PROBLEM STATEMENT -> Begin your copy at the line that holds "19 Mayıs 2022 Tarihli Manşet Gazeteniz" and carry it through the final line of the data, writing out each line exactly and omitting pictures.

DATA PROVIDED ->
== Segment start ==

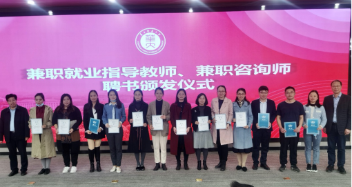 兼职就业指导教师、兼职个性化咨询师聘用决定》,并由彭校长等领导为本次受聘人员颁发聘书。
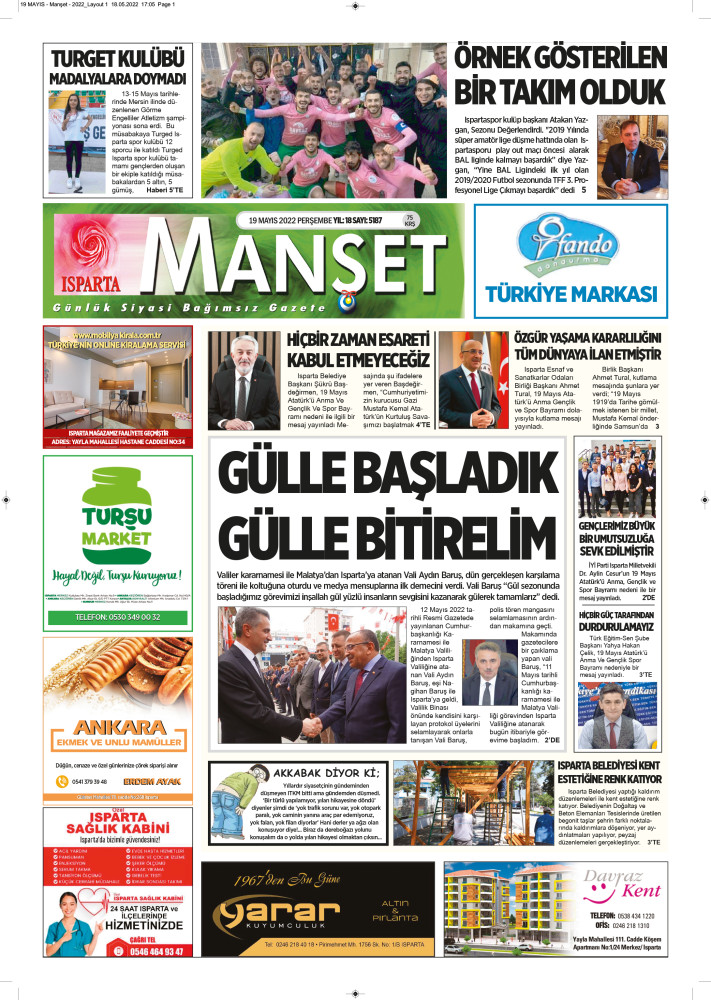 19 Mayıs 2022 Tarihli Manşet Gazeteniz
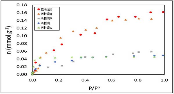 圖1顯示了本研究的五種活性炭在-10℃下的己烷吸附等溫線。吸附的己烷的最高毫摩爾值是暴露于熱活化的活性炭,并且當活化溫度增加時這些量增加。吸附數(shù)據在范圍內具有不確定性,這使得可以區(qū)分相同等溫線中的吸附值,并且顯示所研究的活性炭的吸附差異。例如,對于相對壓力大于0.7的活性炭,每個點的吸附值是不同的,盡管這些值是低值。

== Segment end ==

SOLVED PROBLEM ->
 19 Mayıs 2022 Tarihli Manşet Gazeteniz
 圖1顯示了本研究的五種活性炭在-10℃下的己烷吸附等溫線。吸附的己烷的最高毫摩爾值是暴露于熱活化的活性炭,并且當活化溫度增加時這些量增加。吸附數(shù)據在范圍內具有不確定性,這使得可以區(qū)分相同等溫線中的吸附值,并且顯示所研究的活性炭的吸附差異。例如,對于相對壓力大于0.7的活性炭,每個點的吸附值是不同的,盡管這些值是低值。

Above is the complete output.